EXERCISE – Print, word for word, every line from the beginning of the listing up to and including the line with "焼き板の洗い作業です。洗って". Pictures are to be excluded.

[[ EXERCISE DATA open ]]

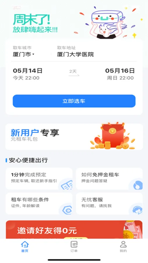 【便捷租车】:APP一键下单,快速取还车辆,简单租车简单生活。
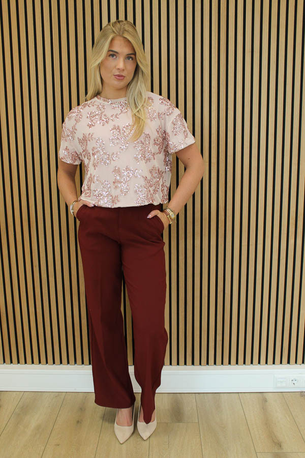 Leuke top met pailleten, bloemenprint en korte mouwen. Erg leuk voor een feestje!
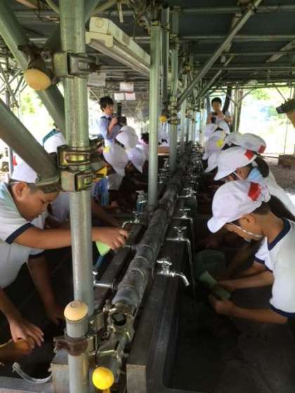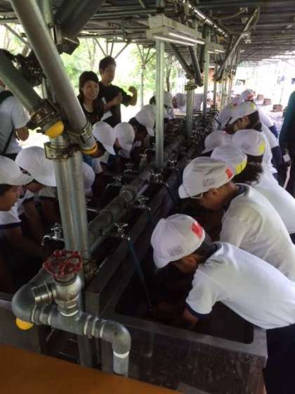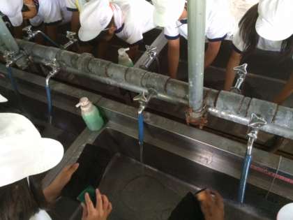 焼き板の洗い作業です。洗って乾かし、明日に磨いてから絵を描いて仕上げます。スポンジが真っ黒。手も真っ黒?です。
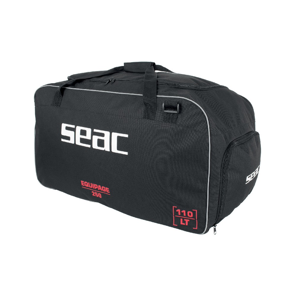 • Seac Equipage 250 is the dive bag for carrying all your equipment and accessories. It measures 75x40x35 cm (total capacity 110 liters) and is equipped with handles and adjustable shoulder strap
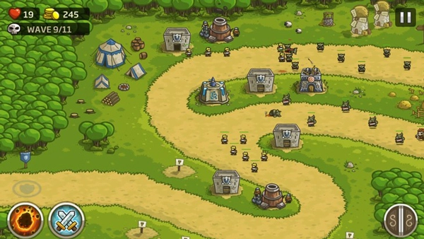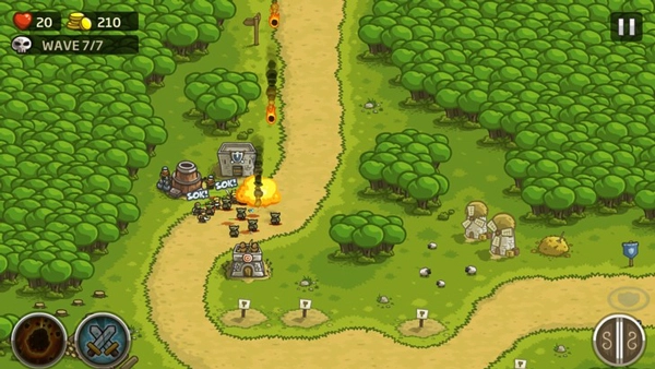 另外,在《皇家守卫军》里一般会提供两种辅助性质的战术技能召唤选项:其一为召唤农民部队,该部队可通过星星来增强能力,尽管其战斗力相对薄弱,不过却能切实减缓敌方小怪的推进速度;其二是火球术或者闪电链这类范围性高伤害法术,比较适合在敌人聚集得较为密集的情况下运用。把这两种技能和防御塔的火力输出进行合理搭配,能够显著提高整体防线的坚固程度,还有更多有趣的玩法正等着你来探索体验。
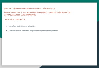 Este documento presenta la unidad didáctica 1.3 sobre el Reglamento Europeo de Protección de Datos y la actualización de la LOPD española. Explica los objetivos específicos de la unidad, su estructura con diferentes secciones, e introduce los principios más relevantes del nuevo reglamento como la responsabilidad, protección de datos por defecto y transparencia. Además, analiza conceptos como el binomio derecho-deber, la licitud del tratamiento, el consentimiento, la lealtad y transparencia y la limitación de la final
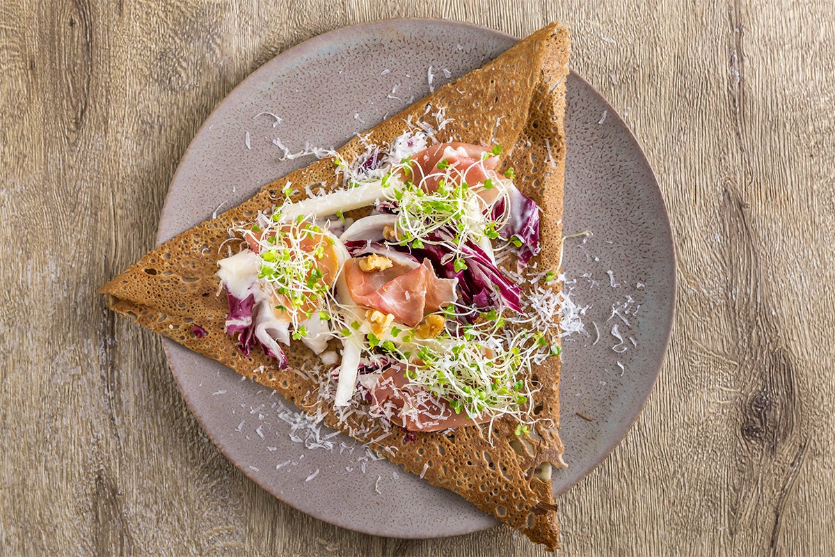 小麦に比べてヘルシーで栄養価も高いので、フランスで日常的に愛されるお食事クレープです。

[[ EXERCISE DATA closed ]]

RESULT FOR THIS TASK –
 【便捷租车】:APP一键下单,快速取还车辆,简单租车简单生活。
 Leuke top met pailleten, bloemenprint en korte mouwen. Erg leuk voor een feestje!
 焼き板の洗い作業です。洗って乾かし、明日に磨いてから絵を描いて仕上げます。スポンジが真っ黒。手も真っ黒?です。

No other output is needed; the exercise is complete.